A pressure of kg / cm ² was applied in the laminating direction to perform press molding for 10 minutes. Thereafter, the press-formed laminate was cracked by hand, and the state of the lamination line generated in the longitudinal section was visually observed. The evaluation was performed based on the following criteria. ◎: A state in which the lamination line is not recognized at all. ○: A state in which the lamination line is hardly recognized. Δ: A state in which the lamination line is partially recognized. X: A state in which the lamination line is clearly recognized. It was excellent.

Examples 2 to 5 A copolymer obtained by copolymerizing vinyl acetate and an alkyl vinyl ether containing an oxyalkylene group was saponified in the same manner as in Example 1 except as described in Table 1. Saponified copolymers (B), (C), (D) and (E) were obtained.

[0026]

[Table 1]

A green sheet having a thickness of 25 μm was obtained in the same manner as in Example 1 except that the saponified copolymer and the ceramic raw material powder were changed as shown in Table 2. Evaluation of the obtained green sheet was performed in the same manner as in Example 1. As shown in Table 2, the results were excellent.

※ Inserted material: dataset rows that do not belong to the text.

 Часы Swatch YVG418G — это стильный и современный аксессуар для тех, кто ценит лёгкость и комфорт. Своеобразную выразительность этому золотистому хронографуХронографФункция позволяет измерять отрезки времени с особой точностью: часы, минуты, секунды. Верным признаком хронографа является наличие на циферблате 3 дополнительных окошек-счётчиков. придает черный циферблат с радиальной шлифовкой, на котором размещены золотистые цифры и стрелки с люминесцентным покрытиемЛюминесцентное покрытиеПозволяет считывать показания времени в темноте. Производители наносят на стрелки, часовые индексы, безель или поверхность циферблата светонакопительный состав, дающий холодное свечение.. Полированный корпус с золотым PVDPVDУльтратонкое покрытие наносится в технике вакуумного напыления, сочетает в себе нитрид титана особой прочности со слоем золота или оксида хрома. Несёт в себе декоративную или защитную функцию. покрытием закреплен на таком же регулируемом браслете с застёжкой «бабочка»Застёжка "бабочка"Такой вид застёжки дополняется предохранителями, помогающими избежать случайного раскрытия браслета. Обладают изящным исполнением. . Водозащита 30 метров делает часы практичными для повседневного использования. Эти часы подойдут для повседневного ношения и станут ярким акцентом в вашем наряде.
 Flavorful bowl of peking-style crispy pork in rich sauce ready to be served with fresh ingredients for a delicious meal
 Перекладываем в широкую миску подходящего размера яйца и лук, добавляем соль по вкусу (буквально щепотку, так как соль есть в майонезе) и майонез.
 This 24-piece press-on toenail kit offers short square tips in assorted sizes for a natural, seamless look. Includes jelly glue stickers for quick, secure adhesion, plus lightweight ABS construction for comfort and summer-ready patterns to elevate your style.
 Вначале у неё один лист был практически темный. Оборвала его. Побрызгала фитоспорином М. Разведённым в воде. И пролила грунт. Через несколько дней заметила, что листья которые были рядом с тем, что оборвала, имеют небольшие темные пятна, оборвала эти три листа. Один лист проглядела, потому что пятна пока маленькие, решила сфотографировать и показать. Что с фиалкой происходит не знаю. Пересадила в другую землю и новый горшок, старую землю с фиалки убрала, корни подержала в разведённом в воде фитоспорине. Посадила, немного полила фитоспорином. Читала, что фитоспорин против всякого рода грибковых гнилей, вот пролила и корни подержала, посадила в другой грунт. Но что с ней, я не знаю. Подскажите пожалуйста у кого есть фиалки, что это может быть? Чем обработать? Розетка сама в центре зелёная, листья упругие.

Examples 6 and 7 A green sheet having a thickness of 25 μm was obtained in the same manner as in Examples 3 and 5, except that 10% by weight of glycerin was added to the saponified copolymer. Evaluation of the obtained green sheet was performed in the same manner as in Example 1. As shown in Table 2, the results were excellent.

Comparative Examples 1 and 2 A saponified copolymer and a ceramic raw material powder were changed as shown in Table 2 in the same manner as in Example 1 except that the thickness was 2
A 5 μm green sheet was obtained. Evaluation of the obtained green sheet was performed in the same manner as in Example 1. As shown in Table 2, as shown in Table 2, in the case of Comparative Example 1, the green sheet was excellent in flexibility, but inferior in heat fusibility. Also, in the case of Comparative Example 2, although the flexibility of the green sheet was excellent, the strength of the green sheet was weak and a laminate could not be obtained.

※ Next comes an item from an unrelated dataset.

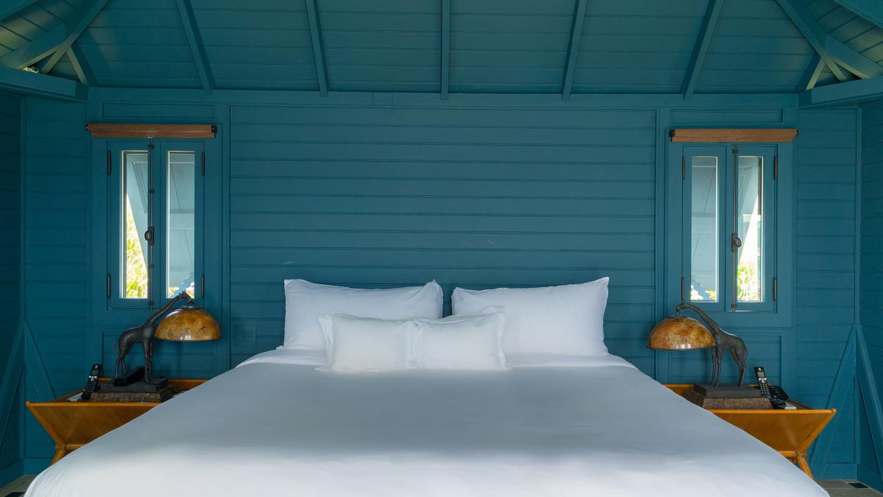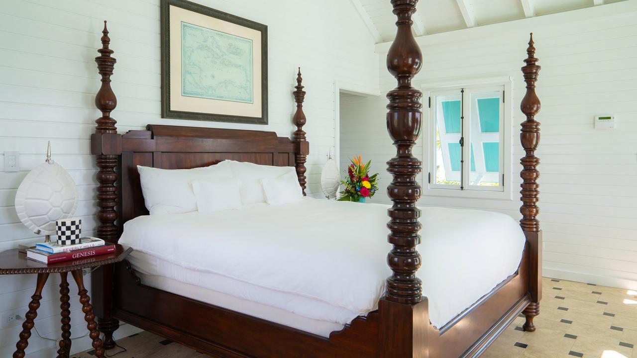Bedroom 1: This room is located in the Main House on the upper level. This room is equipped with a king-sized bed, a walk-in closet, air conditioning, a television, and an ensuite bathroom with a walk-in shower, a freestanding bathtub, and double vanities. Bedroom 1 also opens onto a furnished balcony with views of the Caribbean Sea and St Maarten in the distance.
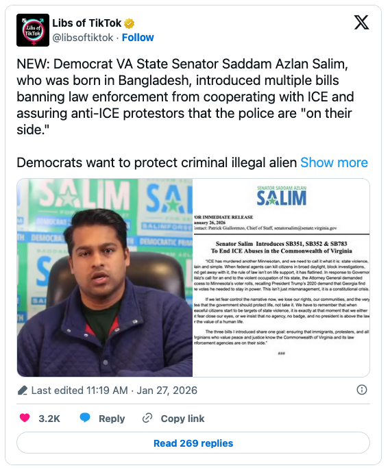Salim, a Bangladeshi who probably hadn’t used indoor plumbing before he invaded to the United States, is pushing three anti-ICE bills.

Comparative Example 3 A partially saponified PVA having a degree of polymerization of 500 and a saponification degree of 88 mol% was used as a binder resin, and the thickness was changed in the same manner as in Example 1 except that the ceramic powder was changed as shown in Table 2. A 25 μm green sheet was obtained. Evaluation of the obtained green sheet was performed in the same manner as in Example 1. As shown in Table 2, the results were all inferior.

[0031]

[Table 2]

[0032]

As is clear from the above description, when manufacturing a hybrid type circuit board or the like having a water-soluble or water-dispersible property and laminating a large number of green sheets, the green sheets can be connected to each other. It is possible to provide a ceramic binder having excellent flexibility which can be sufficiently heat-fused, does not cause delamination or the like in the obtained hybrid circuit substrate, and can obtain a hybrid circuit substrate having sufficient performance. it can.

Claims (1)

[Claims] 1. A water solution wherein 0.1 mol% or more of an alkyl vinyl ether containing an oxyalkylene group is obtained by saponifying a copolymer of a copolymerized aliphatic vinyl ester and which has a saponification degree of 30 mol% or more. A binder for ceramics, comprising a modified or water-dispersible modified polyvinyl alcohol as a main component.